Bee-beep, bee-beep, bee-beep.
Ben rolled over and tried to switch off his alarm. Unfortunately, his hand missed it by quite a long way and he only succeeded in knocking over a glass of water. He tried again, and this time his hand flew past the nightstand and he nearly fell out of bed. Luckily, the third time, he found the button and the ear-splitting noise stopped.
After what had happened earlier, Ben had lain in bed going over and over everything. He kept trying to think of different explanations for what he had seen and heard, but none of them felt right to him.
Eventually, exhaustion had taken over and he’d fallen into a deep sleep. Unfortunately, that had been at about five o’clock in the morning, and as his alarm went off at 6:45, he now felt groggier than a bear who had forgotten to hibernate.
It didn’t help matters that Carla came into his room and, seeing the spilled water, rushed out shouting, “Ugghhh, Ben’s peed himself. That’s disgusting.”

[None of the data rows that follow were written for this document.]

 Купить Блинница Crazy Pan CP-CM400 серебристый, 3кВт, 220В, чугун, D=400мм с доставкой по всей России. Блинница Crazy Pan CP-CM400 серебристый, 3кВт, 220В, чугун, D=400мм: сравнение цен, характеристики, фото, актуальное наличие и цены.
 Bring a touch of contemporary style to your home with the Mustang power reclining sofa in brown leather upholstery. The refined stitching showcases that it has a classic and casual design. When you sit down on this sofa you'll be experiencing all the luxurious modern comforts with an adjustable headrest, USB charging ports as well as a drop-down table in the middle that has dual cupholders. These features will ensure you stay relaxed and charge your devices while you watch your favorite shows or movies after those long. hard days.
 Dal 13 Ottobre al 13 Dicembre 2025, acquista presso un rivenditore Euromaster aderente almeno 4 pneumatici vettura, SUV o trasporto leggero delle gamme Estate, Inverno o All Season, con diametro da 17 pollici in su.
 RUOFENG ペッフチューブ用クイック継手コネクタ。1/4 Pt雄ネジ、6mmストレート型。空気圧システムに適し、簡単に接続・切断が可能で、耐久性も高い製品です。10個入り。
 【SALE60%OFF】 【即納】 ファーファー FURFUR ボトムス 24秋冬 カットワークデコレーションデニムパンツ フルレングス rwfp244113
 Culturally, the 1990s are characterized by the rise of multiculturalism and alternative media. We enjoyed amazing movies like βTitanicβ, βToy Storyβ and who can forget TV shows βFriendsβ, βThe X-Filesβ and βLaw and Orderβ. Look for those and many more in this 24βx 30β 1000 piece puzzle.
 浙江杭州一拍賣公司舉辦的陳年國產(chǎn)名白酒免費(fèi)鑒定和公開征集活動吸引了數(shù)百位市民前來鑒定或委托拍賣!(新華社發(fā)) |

Washing and dressing were like doing a very difficult obstacle course, but by 7:15 Ben didn’t look too bad and sloped downstairs for breakfast.

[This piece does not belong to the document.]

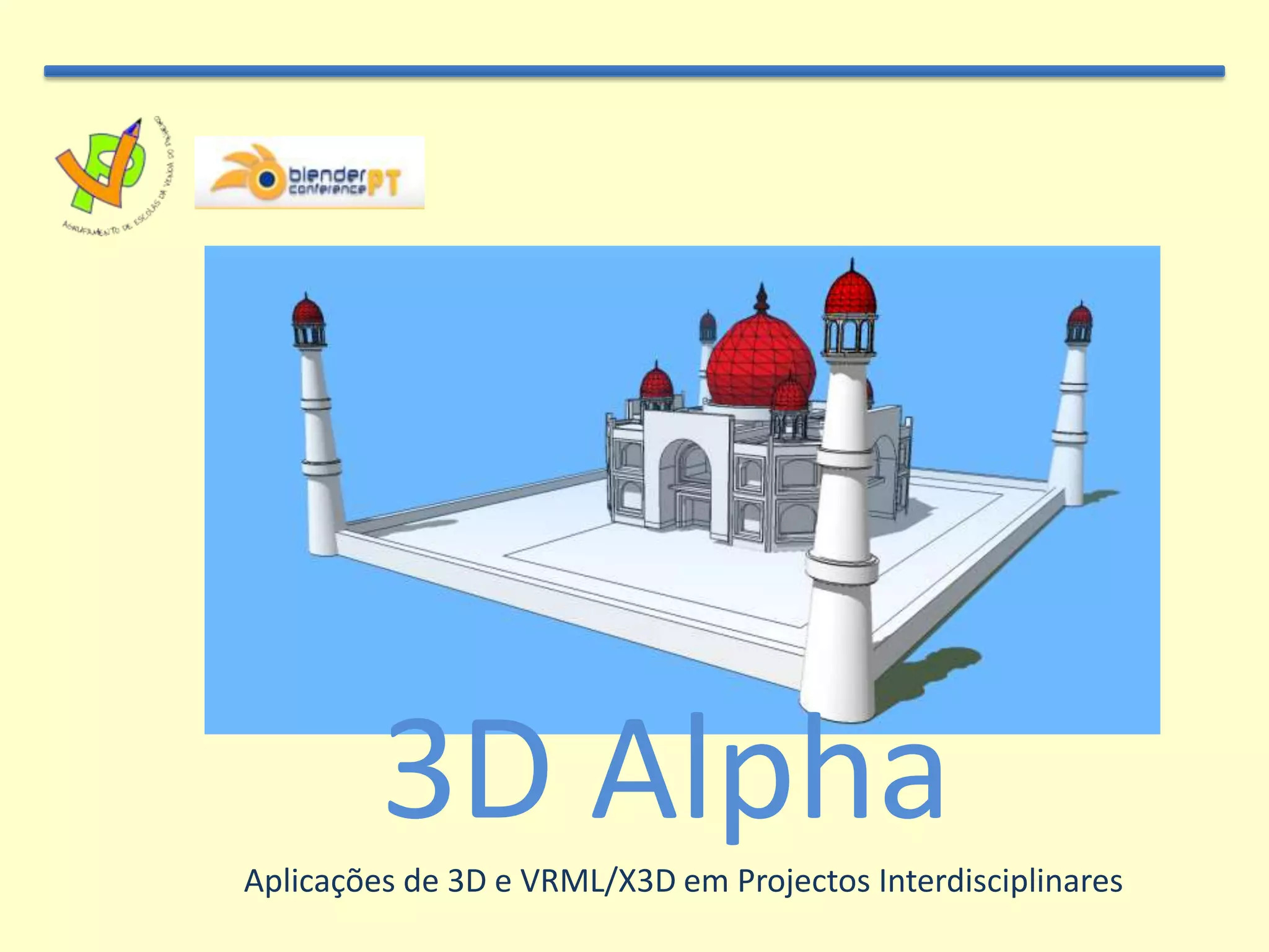 Este documento discute o projeto 3D Alpha, que visa integrar tecnologias 3D e realidade virtual em projetos interdisciplinares nas escolas. O projeto usa aplicativos como Minecraft, SketchUp e Bryce para criar mundos virtuais e objetos 3D em diferentes ciclos de ensino.

“Morning, Mom,” he muttered as he sat down at the table.
“Oh, yes, it is morning and yes, I am Mom,” said Mom in a voice that sounded nothing like Mom. It was very low and gravelly.
Ben blinked and looked up. His mom was usually quite lively and chatty at breakfast, but she seemed very strange today.
“I must still be half asleep,” thought Ben, but then he looked at the table. There was no toast with peanut butter in front of him, nor was there a glass of orange juice. It was there every day when he came down, but for some reason it wasn’t there today.
“Uh, Mom,” said Ben. “My toast? And orange juice?”
“Toe juice, yes,” said Mom in her strange voice. She took two pieces of bread and a carton of orange juice, and put them in the oven, which wasn’t even on.
Ben scratched his head and was about to ask the obvious question—why on earth have you just done that, Mom?—when Dad walked in.
“Morning, Dad,” said Ben.
Dad stopped. He looked at Ben, then at Mom, at Ben again, at Mom, at his shoes and then at Ben yet again.
That was a bit weird, but what he did next was way weirder.
He pulled a chair out, but instead of sitting on it, he went and sat under the table.
Ben was feeling increasingly uneasy about how the morning was going when he suddenly remembered how his parents had teased him the previous day.
“Oh, very funny, you two,” he said. “Ha, ha, ha!”
“Yes, very funny, you two,” said Dad in a high-pitched whistling voice from under the table.
Ben looked under the table. Dad seemed to be hugging a leg of one of the other chairs as if it was his best friend. Then he heard Mom say, “Hair nice. Such hair nice.”
He glanced over and saw that she appeared to be talking to … to the mop! His parents were really taking this joke too far.
“Look, can I have my breakfast, please?” asked Ben angrily.
“Breakfast. Breakfast. Breakfast,” repeated Mom.
She said goodbye to the mop and gave it a kiss, after which she opened the oven and took out the two slices of bread and the carton of orange juice.
“Breakfast,” she said, plonking them down in front of Ben, along with an egg-whisk and a dishcloth.
“Stop it!” shouted Ben. “I’ve had enough, I’m going!”
For the second time in under twelve hours, Ben stormed out. He grabbed his bag and his coat and was heading for the front door when a very sleepy Ant appeared at the top of the stairs with Carla behind him.
“Morning. Had another bad dream?” he said sarcastically, as Carla stuck out her tongue at him.
“Oh, shut up,” snapped Ben. “I hate you, I hate them, I hate everybody!”
It really wasn’t a great start to the day, but it was going to become much, much worse.